Des affrontements entre manifestants et forces de l’ordre ont fait trois morts supplémentaires dans l’ouest de l’Iran, jeudi 1er janvier, selon l’agence de presse Fars, au cinquième jour de rassemblements sporadiques contre la vie chère dans plusieurs villes du pays.
« Vers 18 heures [15h30 à Paris] aujourd’hui, un groupe d’émeutiers a profité d’un rassemblement de protestation à Azna, dans la province du Lorestan (ouest), pour attaquer un commissariat de police.Trois personnes ont été tuées et 17 autres blessées lors d’affrontements » , écrit Fars, dans une référence apparente à des civils.

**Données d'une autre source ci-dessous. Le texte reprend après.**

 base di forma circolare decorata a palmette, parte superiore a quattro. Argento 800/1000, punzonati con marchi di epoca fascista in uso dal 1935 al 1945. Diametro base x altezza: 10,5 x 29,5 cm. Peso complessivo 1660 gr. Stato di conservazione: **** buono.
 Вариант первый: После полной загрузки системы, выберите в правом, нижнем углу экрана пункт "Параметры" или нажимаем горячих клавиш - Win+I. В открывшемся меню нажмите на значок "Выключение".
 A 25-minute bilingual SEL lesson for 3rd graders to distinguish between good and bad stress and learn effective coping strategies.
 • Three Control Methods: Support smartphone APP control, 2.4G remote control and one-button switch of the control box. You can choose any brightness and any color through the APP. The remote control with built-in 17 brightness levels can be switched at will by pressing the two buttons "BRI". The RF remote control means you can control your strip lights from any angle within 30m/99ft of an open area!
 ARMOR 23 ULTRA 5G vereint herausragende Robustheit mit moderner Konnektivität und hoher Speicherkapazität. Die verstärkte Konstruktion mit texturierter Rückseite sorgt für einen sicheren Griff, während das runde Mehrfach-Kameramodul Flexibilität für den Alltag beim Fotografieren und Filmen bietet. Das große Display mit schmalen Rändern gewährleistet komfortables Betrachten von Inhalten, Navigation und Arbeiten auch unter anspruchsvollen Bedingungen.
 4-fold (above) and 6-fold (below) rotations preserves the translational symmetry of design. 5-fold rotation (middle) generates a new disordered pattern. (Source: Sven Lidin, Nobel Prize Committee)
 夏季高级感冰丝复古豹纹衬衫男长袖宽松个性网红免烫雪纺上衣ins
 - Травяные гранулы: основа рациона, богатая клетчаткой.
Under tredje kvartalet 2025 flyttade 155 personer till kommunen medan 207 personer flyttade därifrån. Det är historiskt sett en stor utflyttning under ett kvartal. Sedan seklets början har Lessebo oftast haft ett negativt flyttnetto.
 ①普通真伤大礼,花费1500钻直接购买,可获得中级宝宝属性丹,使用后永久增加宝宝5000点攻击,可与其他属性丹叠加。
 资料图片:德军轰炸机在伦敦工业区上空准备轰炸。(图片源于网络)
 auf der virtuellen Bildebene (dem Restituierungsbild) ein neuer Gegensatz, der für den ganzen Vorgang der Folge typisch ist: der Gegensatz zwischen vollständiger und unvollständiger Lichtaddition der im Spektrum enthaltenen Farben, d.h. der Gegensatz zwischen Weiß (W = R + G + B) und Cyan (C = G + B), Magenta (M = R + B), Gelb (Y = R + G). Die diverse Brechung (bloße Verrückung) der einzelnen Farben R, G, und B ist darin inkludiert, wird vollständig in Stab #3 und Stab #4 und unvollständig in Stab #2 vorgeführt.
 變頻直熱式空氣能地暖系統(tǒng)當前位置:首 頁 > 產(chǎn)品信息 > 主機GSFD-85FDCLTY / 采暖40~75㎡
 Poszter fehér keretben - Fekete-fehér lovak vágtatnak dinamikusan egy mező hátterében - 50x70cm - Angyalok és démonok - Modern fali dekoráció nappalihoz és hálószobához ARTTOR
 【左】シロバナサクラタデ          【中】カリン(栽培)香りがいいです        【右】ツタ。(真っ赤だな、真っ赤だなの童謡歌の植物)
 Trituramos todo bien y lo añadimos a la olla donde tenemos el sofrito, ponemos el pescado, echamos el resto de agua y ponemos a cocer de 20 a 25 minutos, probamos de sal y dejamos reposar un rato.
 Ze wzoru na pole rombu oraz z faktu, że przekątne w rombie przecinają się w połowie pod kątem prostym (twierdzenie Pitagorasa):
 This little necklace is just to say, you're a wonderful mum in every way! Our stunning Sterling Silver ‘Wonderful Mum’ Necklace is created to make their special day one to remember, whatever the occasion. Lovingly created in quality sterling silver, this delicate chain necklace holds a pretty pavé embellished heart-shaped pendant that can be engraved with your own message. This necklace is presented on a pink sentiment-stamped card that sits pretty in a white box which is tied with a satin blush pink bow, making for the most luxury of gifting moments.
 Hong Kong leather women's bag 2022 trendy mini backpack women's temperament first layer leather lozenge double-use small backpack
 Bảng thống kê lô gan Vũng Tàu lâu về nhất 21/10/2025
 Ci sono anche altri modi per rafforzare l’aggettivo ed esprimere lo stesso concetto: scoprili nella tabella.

L’agence de presse avait fait état plus tôt de deux personnes tuées dans des heurts à Lordegan, une ville de 40 000 habitants située dans le sud-ouest du pays. « Certains manifestants ont commencé à jeter des pierres sur les bâtiments administratifs de la ville, dont le gouvernorat, la mosquée, la Fondation des martyrs, la mairie et des banques, avant de se diriger vers le gouvernorat », avait rapporté Fars, ajoutant que la police avait fait usage de gaz lacrymogène et qu’il y a un nombre non précisé de blessés. Deux civils avaient été tués, selon la même source.
Dans la nuit de mercredi à jeudi, un membre des forces de l’ordre a par ailleurs été tué à Kouhdasht, une commune de 90 000 habitants également dans l’ouest de l’Iran.
« Un membre du bassidj de la ville de Kouhdasht, âgé de 21 ans, a été tué cette nuit par des émeutiers alors qu’il défendait l’ordre public », a déclaré la télévision d’Etat, citant le vice-gouverneur de la province du Lorestan (Ouest), Saïd Pourali. Il s’agit de la première victime officiellement recensée depuis le début, dimanche, de ces rassemblements initialement pacifiques à Téhéran, qui se sont étendus à d’autres villes et aux universités.